Legends for Supplementary Figures
Figure S1. Mutations in the JD of EGFR that impair its phosphorylation do not interfere with the surface expression of the receptor. Data summary (mean ± S.E.) of relative (% of wild-type) surface expression levels for wild-type and mutant EGFR from 2 independent experiments (number of oocytes analyzed in each experiment is indicated on the top of each bar). Total EGFR levels in the membrane fraction of these oocytes were similar to those presented in Figure 2B.
Figure S2. Wortmannin treatment reduces PIP2 levels. Oocytes were incubated for 1h in the presence and absence of wortmannin (15µM) and subsequently lysed for preparation of the membrane fraction. Extraction of membrane lipids and PIP2 ELISA assay are described under Supplemental Methods. Data points corresponding to known amounts of PIP2 were fitted to the equation y = A2 + (A1-A2)/(1 + (x/x0)p) with
A1=2.14965±0.42526, A2=-0.05576±0.75398, x0=20.3308524.0873 and p=0.52726±0.39675. PIP2 levels in each sample, calculated from the standard curve (left panel), were normalized for PIP2 levels in the control non-treated sample from the same experiment. Data from 3 experiments are presented as mean ± S.E (right panel). Statistical significance is indicated.
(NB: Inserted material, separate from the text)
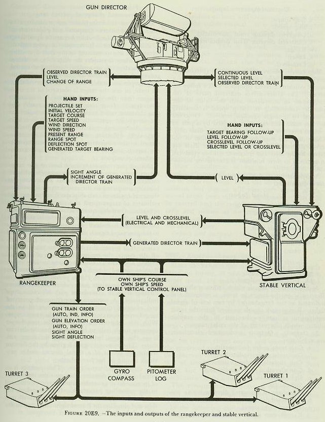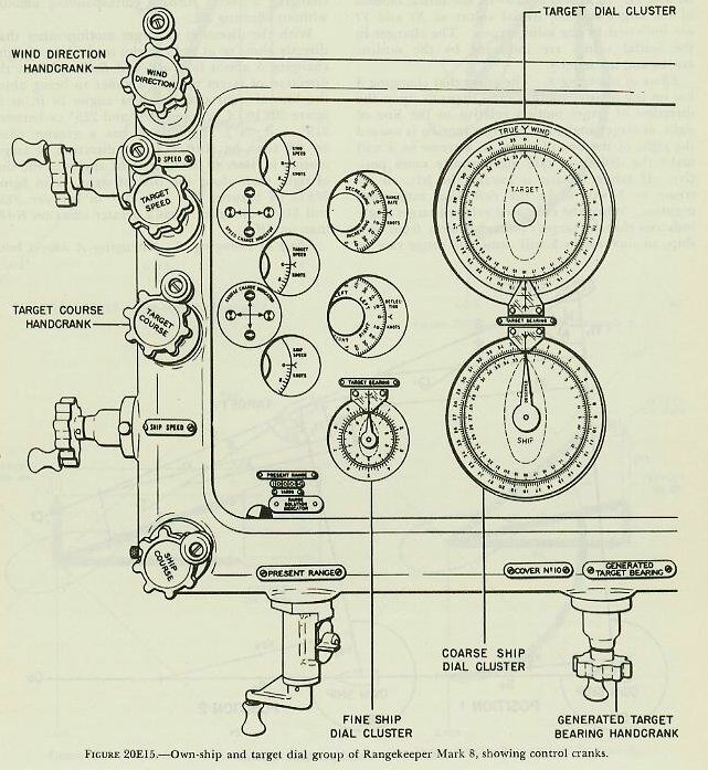 The rangekeeper includes most of the controlling, computing, and transmitting fire control mechanisms for the battery. The instrument is a combined rangekeeper, bearing keeper, predictor, deck-tilt corrector, trunnion-tilt corrector, and graphic plotter. Given the hand and automatic inputs listed below, the instrument will compute, indicate, and transmit electrically the information necessary to point the guns and set the sights continuously, and to train the directors and radar antennas continuously on the target. Outputs include the necessary corrections for drift, for wind, for variation in initial velocity, for relative movement of ship and target, for tilt of the gun trunnions from a horizontal plane (trunnion tilt) and for inclination of the director roller path from a horizontal plane (deck tilt). A time-of-flight signal mechanism, which electrically actuates local and distant buzzers indicating the fall of salvos, is included. The graphic plotter automatically plots ranges, sight deflection and time, and the magnitude and time of application of range and deflection corrections. The rangekeeper is equipped with synchro transmitters and receivers, which are used for all electrical inputs and outputs, except for those received by signal lights and those transmitted to lights or buzzers.

Figure S3. Downregulation of PI(5)PKIa does not affect cell surface expression of EGFR a) Histograms of mean EGFR extracellular fluorescence intensity measured by FACS analysis, as described in Supplementary Methods. Background was estimated by performing the experiment in the absence of primary antibody (Negative, neg). The rest of the experimental conditions correspond to Fig. 4c. b) Bars representing the effect of PIPKIa siRNA transfection on surface EGFR in the presence and absence of EGF (%±SE) were calculated from three experiments for each condition. The means were not significantly different in the presence of siRNA (t-test).